PARK CITY — Spread love, not germs.
That was the message from two people on a transit bus as they handed out bottles of hand sanitizer. A little something to keep the swine flu from spreading throughout the Sundance Film Festival, one of them said.
That was just one item among many the average Joe can get for free on the street here during the annual 10 days of Sundance.
There's also the people who show up each year at this time to rent out local businesses along Main Street to advertise a product or service that has nothing to do with any of the independent films being featured during Sundance.
Festival founder Robert Redford has a name or two for those types of people, who each year crop up to advertise their products and services on Main Street.
Redford calls some of them "ambush marketers."
He lumps others into a group with the Paris Hiltons of the world, the posers (not Redford's word), albeit famous and recognizable, who only detract from the festival's original intent of focusing on independent filmmaking.
These people, the ambush marketers, posers and celebrity gifting suite organizers, are not necessarily doing anything illegal.
They're not necessarily connected to the festival in any way, either, unlike the 18 sponsors who support Sundance Institute and the festival — including official sponsors Honda, bing, YouTube, Brita and Blockbuster.
In fact, that sideshow of people operating on the Sundance periphery is not necessarily even wanted or needed at the festival, according to Redford. In some respects, he'd be glad if they just went away and let the focus be only on film.
"I don't have much regard for that," Redford said. "There's nothing I can do about it. I don't like it … but it's a free country."
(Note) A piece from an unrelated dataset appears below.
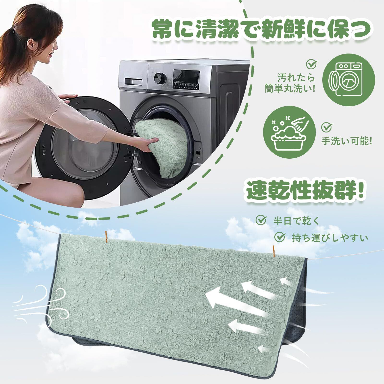 100 回以上再利用可能: 洗濯機で洗えるこの犬 おしっこマットは耐久性に優れ、100 回以上再利用できます。これらは環境に優しい選択肢であり、使い捨てのおむつ替えパッドに代わる環境に優しい選択肢です。当社の洗える犬 おしっこマットを選ぶことは、より環境に優しい地球をサポートし、費用対効果の高い決断をすることを意味します。実際、単位面積あたりで見ると、当社の犬 おしっこマットは使い捨てのおむつ替えパッドより 5 倍安価です。
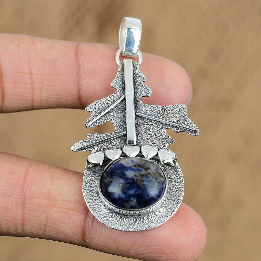 Birthday Gift For Her Natural Sodalite Gemstone Pendant 925 Sterling Silver

But the festival has grown over the years. And Redford appreciates and welcomes the growth.
Sundance is far more popular than it was when Redford signed on in the 1980s. An estimated 40,000 people now attend Sundance screenings and events in Park City and other Utah cities with festival venues.
That many people are bound to attract an entrepreneurial element.
Hand sanitizer manufacturers need to sell their product. Gifting suite organizers want celebrities to be seen with the swag they hand out.
Some places, like The Shop Yoga Studio in Park City, genuinely want to give back during the festival, even thought they're renting out their space. Shop Yoga is an official Sundance provider this year, something that studio owner Sandy Geldhof is proud of. The 6,000 square-foot studio will be the site for an official Sundance party on Wednesday.
Geldhof wishes more businesses would give back in some way to the festival that has given so much to Park City — but she knows some only see dollar signs.
"They're making a lot of money on the festival, too," she said. "And I'd really like to see more of them give back to the (Sundance) Institute."
But it's a free country.
And some companies like SwaggMedia, renting a space on Main Street during the festival, see an opportunity to find a place on an international stage.
In the case of SwaggMedia, spokesman Jason Benavidez said their intent is to use that stage to promote peace, consciousness, acceptance and tolerance through music.
"Although we're here to raise awareness of the company, we're really here for the Music 4 Peace Tour," Benavidez said. "We're launching that because Sundance is a very visible place. We can get immediate attention (at Sundance) that we can't get elsewhere."